**Records for processing**

•••

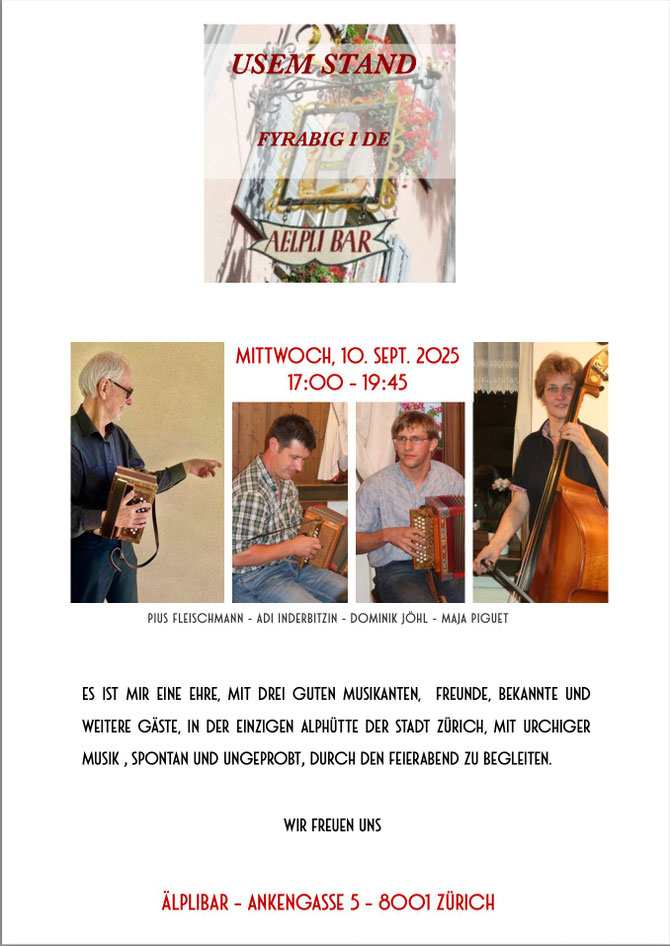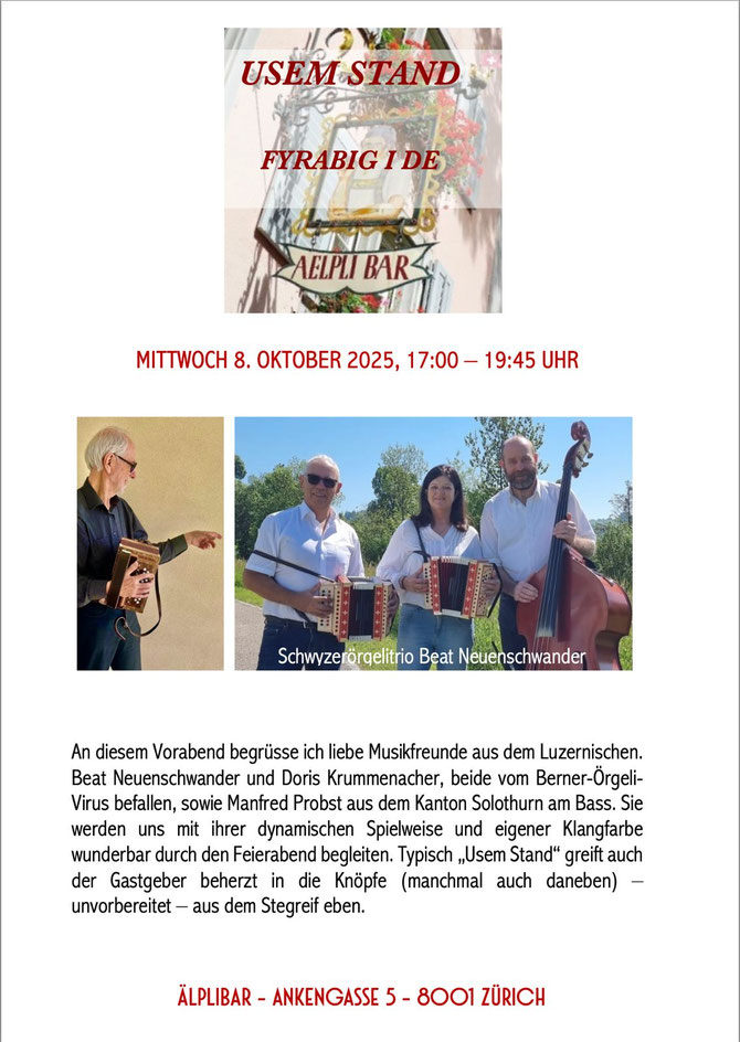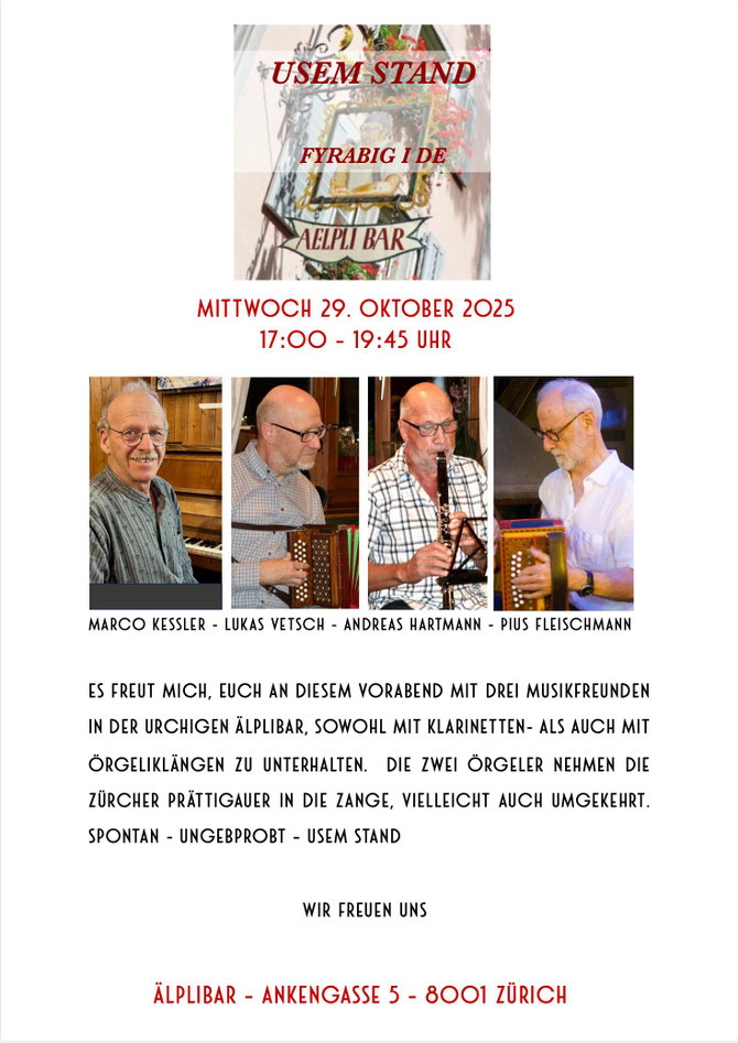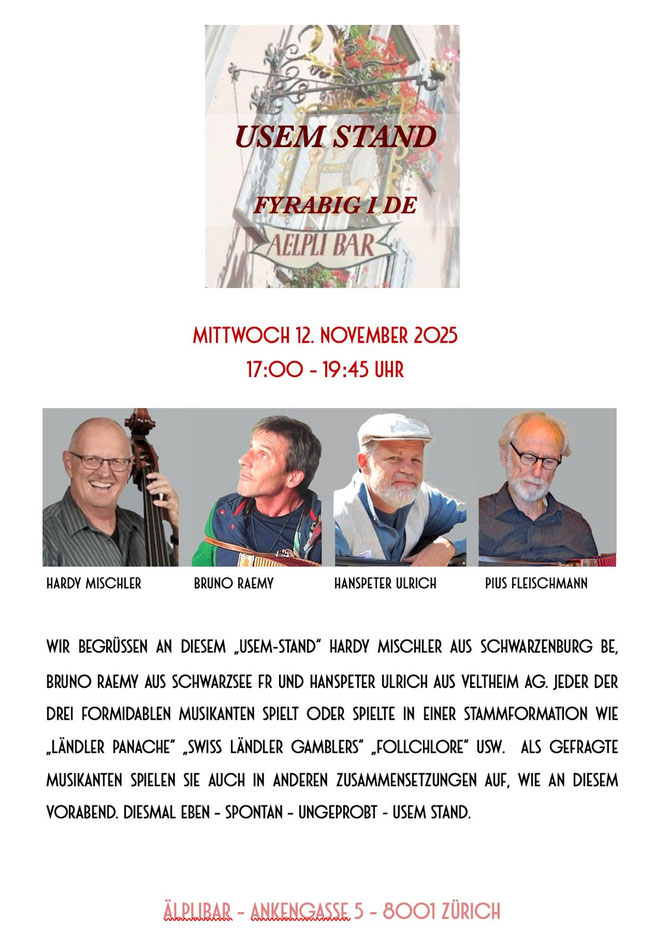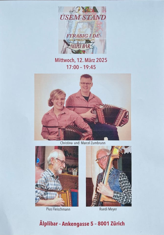 Hier die April „Usem Stand“ Veranstaltung mit zwei von den „Grischuna Örgeler“ als Hauptdarsteller.
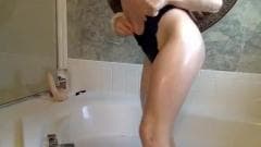 Aqui você tem uma bela jovem transexual na banheira, aquecendo-se com uma masturbação que provavelmente a deixará mais excitada do que nunca.
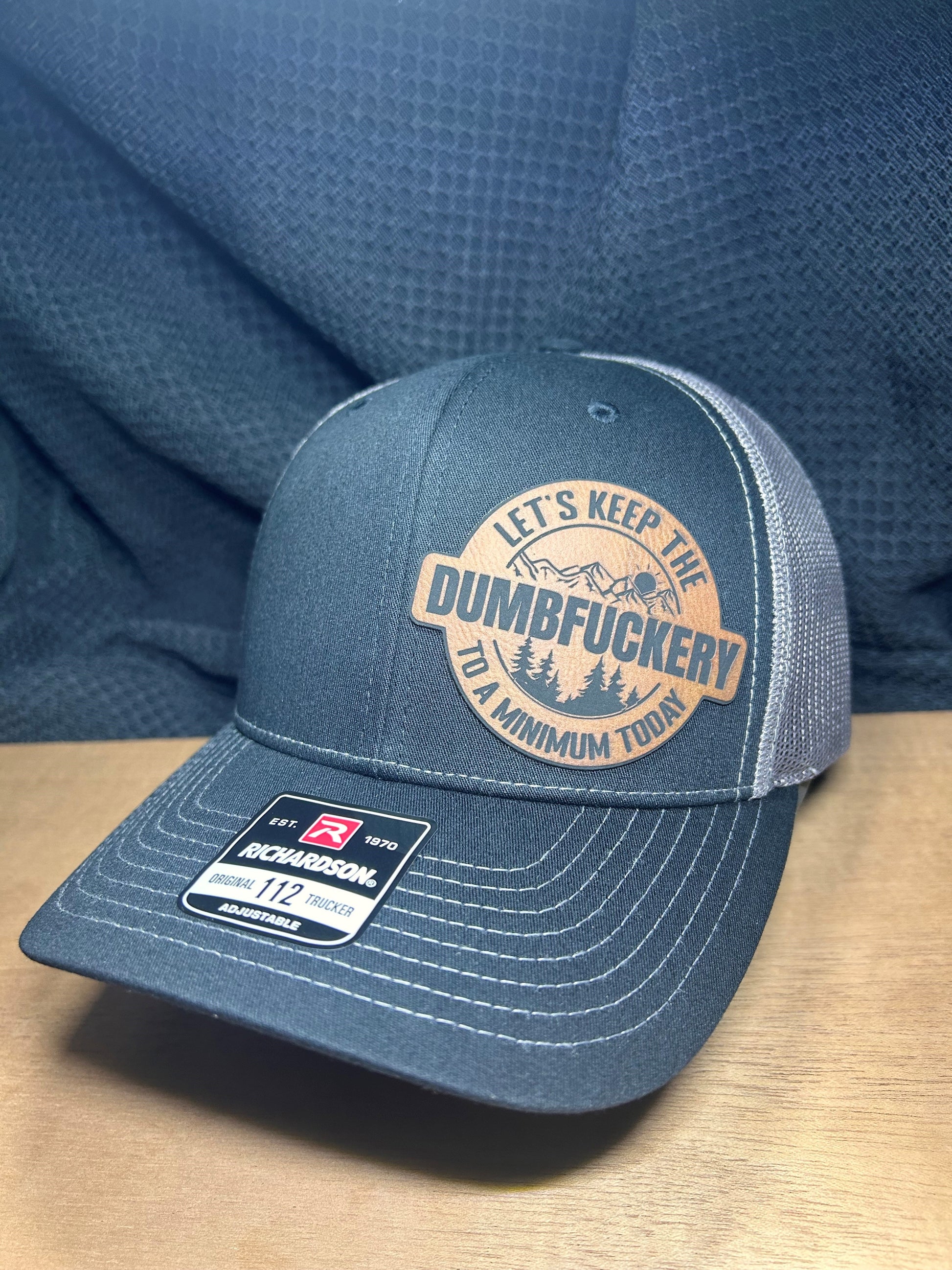 Richardson 112 snapback hat, the black front and charcoal back is pictured here. The patch is made of a brown leatherette material and a high-quality adhesive.
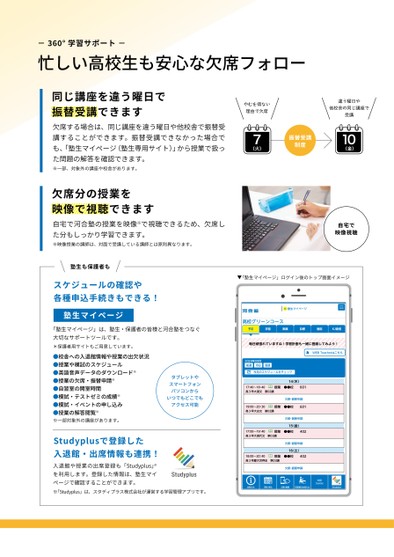 -���°学習サポート-忙しい高校生も安心な欠席フォロー同じ講座を違う曜日で振替受講できます欠席する場合は、同じ講座を違う曜日や他校舎で振替受講することができます。振替受講できなかった場合でも、「塾生マイページ(塾生専用サイト)」から授業で扱った問題の解答を確認できます。※一部、対象外の講座や校舎があります。欠席分の授業を映像で視聴できます自宅で河合塾の授業を映像※で視聴できるため、欠席した分もしっかり学習できます。※映像授業の講師は、対面で受講している講師とは原則異なります。やむを得ない理由で欠席違う曜日や他校舎の同じ講座で受講7(火)振替受講制度10(金)自宅で映像視聴▶「塾生マイページ」ログイン後のトップ画面イメージMy塾生マイページ高校グリーンコース予定学習実績目標面談KJ通信毎日頑張れていますね!学習計画も一緒に登録してみよう!WEBTeacherはこちら2024年09月今日前週翌週今月のスケジュールをチェック14(木)17:40〜18:40授業●●校601高3早大漢文第02講欠席・振替申請19:00〜20:30授業●●校601高3早大古文第02講欠席・振替申請15(金)17:00〜19:40授業●●校402高3早大現代文第03講欠席・振替申請16(土)18:00〜20:40授業●●校402高3早慶大世界史第03講欠席・振替申請お知らせ予約・申込欠席・振替自習室のお知らせStudyplusWEBTeacher塾生も保護者もスケジュールの確認や各種申込手続きもできる!塾生マイページ「塾生マイページ」は、塾生・保護者の皆様と河合塾をつなぐ大切なサポートツールです。*保護者用サイトもご用意しています。●校舎への入退館情報や授業の出欠状況●授業や模試のスケジュール●英語音声データのダウンロード※●授業の欠席・振替申請※●自習室の開室時間●模試・テストゼミの成績※●模試・イベントの申し込み●授業の解答閲覧※※一部対象外の講座があります。タブレットやスマートフォンパソコンからいつでもどこでもアクセス可能Studyplusで登録した入退館・出席情報も連携!入退館や授業の出席登録も「Studyplus」※を利用します。登録した情報は、塾生マイページで確認することができます。※「Studyplus」は、スタディプラス株式会社が運営する学習管理アプリです。
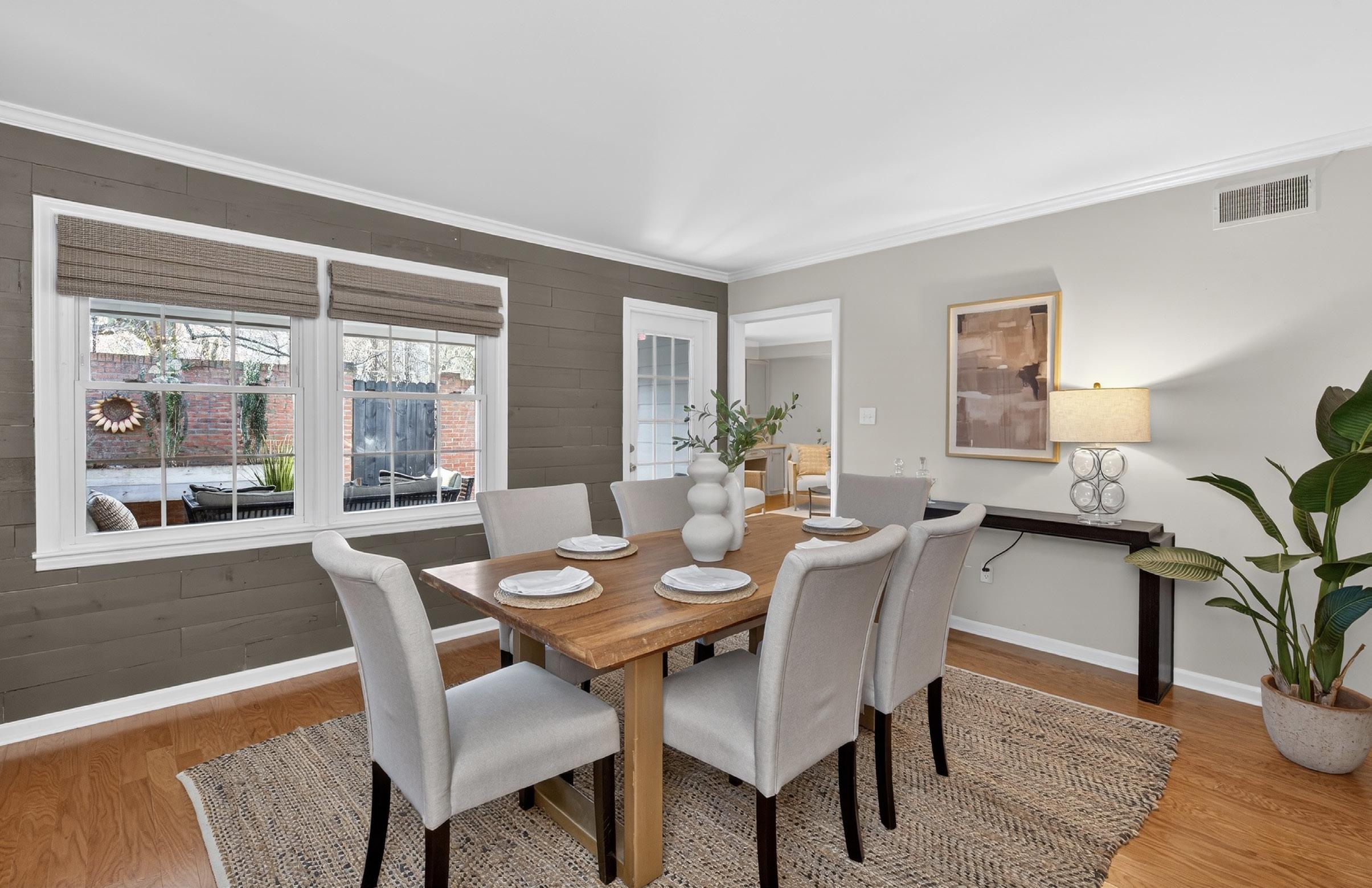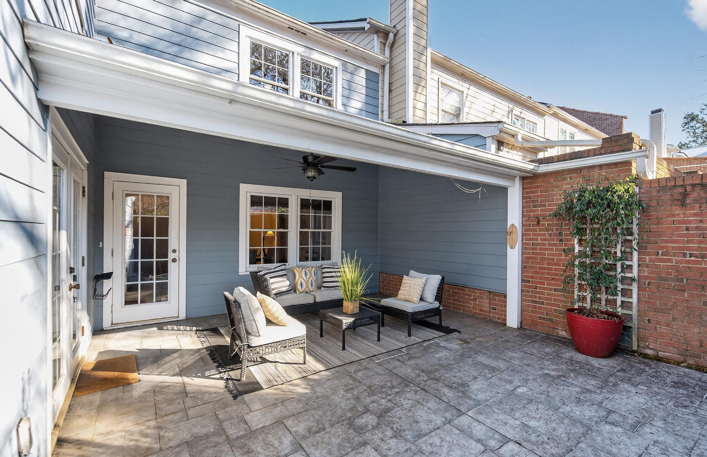 restaurants and retail. Tucked within the coveted The Meadows community, the 2-story, brick townhome backs directly up to peaceful walking trails—offering a rare balance of convenience and privacy. The spacious 4-bedroom, 2.5-bath floorplan is designed for both everyday living and entertaining, featuring a large, lightfilled dining room, an updated spacious kitchen with eat-in flexibility, and a welcoming family room centered around a cozy fireplace. The upstairs generously sized Primary Suite showcases designer wallpaper, custom wall trim details, and a timeless spa-inspired Bath with classic white subway tile, marble finishes, and dual vanities. Three additional Secondary Bedrooms provides exceptional flexibility for guests, family, or a dedicated Home Office. Enjoy outdoor living on the private rear Patio with covered roof, perfect for lazy afternoons, evening cocktails or Family/Friends entertaining. Plus it comes with the convenience of two designated parking spaces are directly in front of the property, with ample available guest parking for any visitors. All of this in a premier SouthPark location that truly defines effortless, "walkable" Townhome living.

•••

**About this exercise**
Without the pictures, restate all of the entries above verbatim.

**Your response**
 Hier die April „Usem Stand“ Veranstaltung mit zwei von den „Grischuna Örgeler“ als Hauptdarsteller.
 Aqui você tem uma bela jovem transexual na banheira, aquecendo-se com uma masturbação que provavelmente a deixará mais excitada do que nunca.
 Richardson 112 snapback hat, the black front and charcoal back is pictured here. The patch is made of a brown leatherette material and a high-quality adhesive.
 -���°学習サポート-忙しい高校生も安心な欠席フォロー同じ講座を違う曜日で振替受講できます欠席する場合は、同じ講座を違う曜日や他校舎で振替受講することができます。振替受講できなかった場合でも、「塾生マイページ(塾生専用サイト)」から授業で扱った問題の解答を確認できます。※一部、対象外の講座や校舎があります。欠席分の授業を映像で視聴できます自宅で河合塾の授業を映像※で視聴できるため、欠席した分もしっかり学習できます。※映像授業の講師は、対面で受講している講師とは原則異なります。やむを得ない理由で欠席違う曜日や他校舎の同じ講座で受講7(火)振替受講制度10(金)自宅で映像視聴▶「塾生マイページ」ログイン後のトップ画面イメージMy塾生マイページ高校グリーンコース予定学習実績目標面談KJ通信毎日頑張れていますね!学習計画も一緒に登録してみよう!WEBTeacherはこちら2024年09月今日前週翌週今月のスケジュールをチェック14(木)17:40〜18:40授業●●校601高3早大漢文第02講欠席・振替申請19:00〜20:30授業●●校601高3早大古文第02講欠席・振替申請15(金)17:00〜19:40授業●●校402高3早大現代文第03講欠席・振替申請16(土)18:00〜20:40授業●●校402高3早慶大世界史第03講欠席・振替申請お知らせ予約・申込欠席・振替自習室のお知らせStudyplusWEBTeacher塾生も保護者もスケジュールの確認や各種申込手続きもできる!塾生マイページ「塾生マイページ」は、塾生・保護者の皆様と河合塾をつなぐ大切なサポートツールです。*保護者用サイトもご用意しています。●校舎への入退館情報や授業の出欠状況●授業や模試のスケジュール●英語音声データのダウンロード※●授業の欠席・振替申請※●自習室の開室時間●模試・テストゼミの成績※●模試・イベントの申し込み●授業の解答閲覧※※一部対象外の講座があります。タブレットやスマートフォンパソコンからいつでもどこでもアクセス可能Studyplusで登録した入退館・出席情報も連携!入退館や授業の出席登録も「Studyplus」※を利用します。登録した情報は、塾生マイページで確認することができます。※「Studyplus」は、スタディプラス株式会社が運営する学習管理アプリです。
 restaurants and retail. Tucked within the coveted The Meadows community, the 2-story, brick townhome backs directly up to peaceful walking trails—offering a rare balance of convenience and privacy. The spacious 4-bedroom, 2.5-bath floorplan is designed for both everyday living and entertaining, featuring a large, lightfilled dining room, an updated spacious kitchen with eat-in flexibility, and a welcoming family room centered around a cozy fireplace. The upstairs generously sized Primary Suite showcases designer wallpaper, custom wall trim details, and a timeless spa-inspired Bath with classic white subway tile, marble finishes, and dual vanities. Three additional Secondary Bedrooms provides exceptional flexibility for guests, family, or a dedicated Home Office. Enjoy outdoor living on the private rear Patio with covered roof, perfect for lazy afternoons, evening cocktails or Family/Friends entertaining. Plus it comes with the convenience of two designated parking spaces are directly in front of the property, with ample available guest parking for any visitors. All of this in a premier SouthPark location that truly defines effortless, "walkable" Townhome living.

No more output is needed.